Source: src/olm/nn/feedforward/moe_base.py:1

Classes

MoEFeedForwardBase(embed_dim: int, expert_cls: Type[torch.nn.modules.module.Module], num_experts: int = 8, num_shared_experts: int = 0, top_k: int = 2, expert_kwargs: dict = None, **kwargs)

Bases: olm.nn.feedforward.base.FeedForwardBase

Source: src/olm/nn/feedforward/moe_base.py:47

Base class for Mixture of Experts FeedForward networks.

Supports:

  • Top-K routing
  • Shared experts (always active)
  • Dynamic expert instantiation

Methods

forward(self, x: torch.Tensor) -> torch.Tensor

Source: src/olm/nn/feedforward/moe_base.py:100

Forward pass with MoE routing.

Parameters

  • x (torch.Tensor): Hidden states shaped [batch, seq_len, embed_dim].

Returns

  • torch.Tensor: Hidden states shaped [batch, seq_len, embed_dim].

MoERouter(embed_dim: int, num_experts: int, top_k: int = 2)

Bases: Module

Source: src/olm/nn/feedforward/moe_base.py:10

Router for Mixture of Experts.

Routes input tokens to the top-k experts based on learned gate logits.

Methods

forward(self, x: torch.Tensor) -> tuple[torch.Tensor, torch.Tensor]

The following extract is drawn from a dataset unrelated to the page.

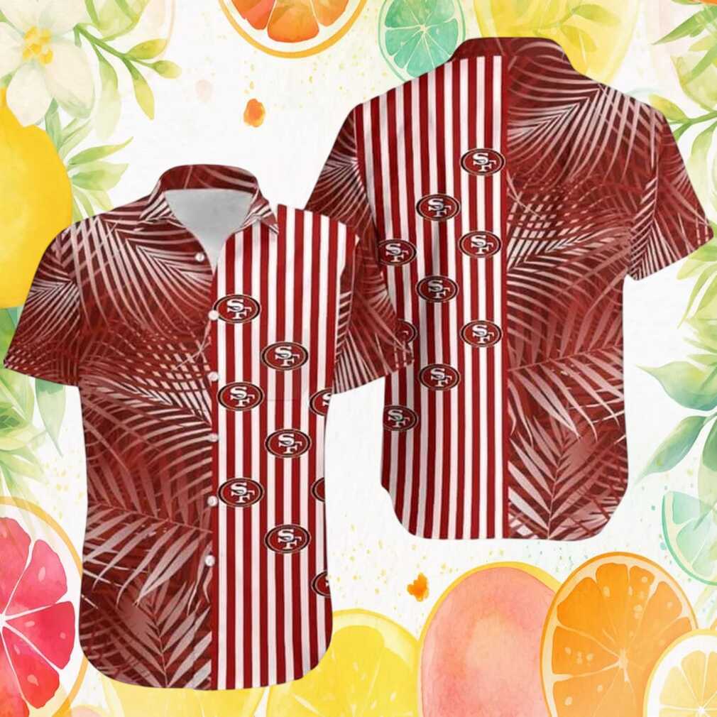 San Francisco 49ers Tropical Palm Leaf Vertical Stripe Hawaiian Shirt

Source: src/olm/nn/feedforward/moe_base.py:22

Route each token to its top-k experts.

Parameters

  • x (torch.Tensor): Hidden states shaped [batch, seq_len, embed_dim].

Returns

tuple[torch.Tensor, torch.Tensor]: Expert indices and normalized routing weights, both shaped [batch, seq_len, top_k].